Wall Street falls, oil rises, ASX retreats
Staff writers
Updated ,first published
Australia’s stock market fell on Monday as conflict in the Middle East continued to cast a heavy shadow over global markets and oil prices rose again.
The S&P/ASX 200 was down 36.1 points, or 0.4 per cent, at 8581 in afternoon trade, with eight of 11 industrial sectors in positive territory. Energy companies rose as oil prices rose and mining stocks lost value.
The Central Bank will announce its interest rate decision on Tuesday; Money markets are pricing the probability of a rate hike and further tightening at three out of four.
Oil prices were steady after US attacks on Iran’s main export hub marked a new escalation in the war that has left global customers almost completely cut off from the region’s energy supplies. Brent was trading around $103 a barrel after gaining more than 40 percent in the past two weeks, while West Texas Intermediate was around $98. After the United States attacked military facilities on Kharg Island, which holds the majority of Iran’s oil shipments, the Islamic Republic launched retaliatory attacks against Israel and the Arab countries in the Persian Gulf. Local energy companies are on the rise; Woodside Energy gained 2.5 percent, Santos gained 1.8 percent and Ampol gained 0.6 percent.
Mining stocks were hit after China’s state-backed iron ore trader told steel mills that BHP was temporarily easing restrictions on one of its grades; Rio Tinto fell 1.7 percent, Fortescue fell 3.3 percent, while BHP lost 0.3 percent. Gold miners pulled back as the safe-haven price weakened; Northern Star fell 5.1 percent and Evolution Mining fell 2.8 percent.
ANZ Group gained 0.2 percent, Commonwealth Bank gained 0.6 percent, National Australia Bank gained 0.2 percent and Westpac gained 0.5 percent.
Technology stocks fell; WiseTech fell 1.2 percent, Xero fell 1.8 percent and Technology One fell 2 percent.
On Wall Street, the S&P 500 index fell 0.6 percent on Friday after rising as much as 0.9 percent in early trading. The benchmark index has fallen 3.1 percent so far this year. The Dow Jones finished down 0.3 percent and the Nasdaq composite finished down 0.9 percent. The indices finished the week with their third consecutive weekly loss.
“Everything is traded in crude oil at this point,” said Baird market strategist Michael Antonelli. “We’re basically in a holding pattern until we get hour by hour, day by day news about the conflict in the Middle East.”
Oil prices have been fluctuating since the beginning of the war. Iran’s actions effectively halted cargo traffic in the narrow Strait of Hormuz, through which one-fifth of the world’s oil usually travels. This causes oil producers to cut production because their crude has nowhere to go.
Independent research firm Rystad Energy said that in just over a week since the strait was closed, more than 12 million barrels of oil equivalent had been taken offline each day.
If the war continues to hinder the production and transportation of oil in the Persian Gulf, it could cause a rise in inflation that could harm the global economy.
The Fed’s rate cut could stimulate the economy and job market, but it also has the potential to worsen inflation. The US Federal Reserve is scheduled to hold its next interest rate policy meeting next week. But CME Group said Wall Street traders estimate the chance of a rate cut at less than 1 percent.
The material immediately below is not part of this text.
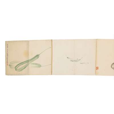 ink and colour on papers, bound in two albums; one album with eleven works, the other nine, beginning of the same album inscribed with a poem and signed Jiang Biwei (1899-1978), most individual works signed and or sealed, dated to the winter of Ding Si year, corresponding to 1917AD
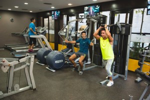 - un étage principal avec salle de sport (appareils de cardio-training, poids et haltères, salle de cours de spinning, de yoga et de Pilates).

A new snapshot of consumer spending on Friday shows inflation rose in January, even before the Iran war caused oil and gas prices to soar.
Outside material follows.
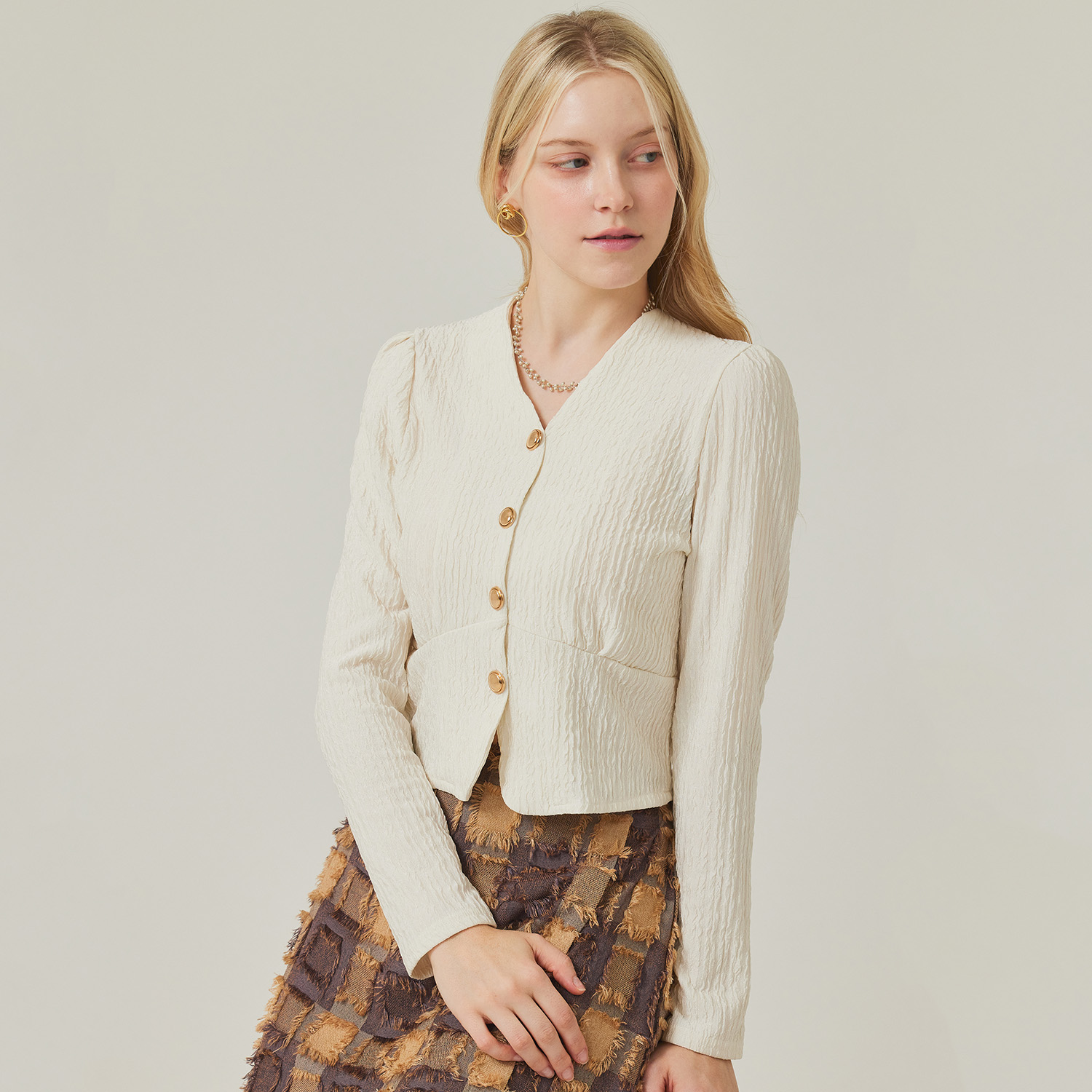[포커스] 페미닌 셔링 텐션 블라우스_VF5F1BL5021

The Ministry of Commerce said prices increased 2.8 percent in January compared to the previous year. However, excluding the volatile food and energy categories to which the Fed pays closer attention, core prices rose from 3 percent to 3.1 percent in the previous month, the highest level in nearly two years.
Despite this, the report stated that consumers increased their spending at a solid rate of 0.4 percent in January, and their incomes increased at the same pace.
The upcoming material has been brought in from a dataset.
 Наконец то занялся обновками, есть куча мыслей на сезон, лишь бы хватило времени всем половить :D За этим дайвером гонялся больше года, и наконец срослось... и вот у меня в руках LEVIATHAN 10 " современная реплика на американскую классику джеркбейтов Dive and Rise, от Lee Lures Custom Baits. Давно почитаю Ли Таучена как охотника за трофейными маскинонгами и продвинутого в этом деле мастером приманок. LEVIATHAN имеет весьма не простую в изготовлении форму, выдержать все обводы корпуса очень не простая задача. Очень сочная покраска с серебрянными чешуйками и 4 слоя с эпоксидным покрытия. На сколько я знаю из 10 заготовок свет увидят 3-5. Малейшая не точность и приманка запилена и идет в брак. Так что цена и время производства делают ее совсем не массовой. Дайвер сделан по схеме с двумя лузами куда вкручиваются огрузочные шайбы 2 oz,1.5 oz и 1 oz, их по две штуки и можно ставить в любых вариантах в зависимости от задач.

The University of Michigan’s latest consumer sentiment indicator on Friday showed consumer sentiment falling slightly to its lowest level of the year, driven by increases in gasoline prices since the start of the war in Iran.
Wall Street also received an update on how U.S. economic growth fared in the October-December quarter. The economy, which was disrupted by a 43-day government shutdown in the north last fall, grew at a slow 0.7 percent annual rate, down from last month’s initial estimate.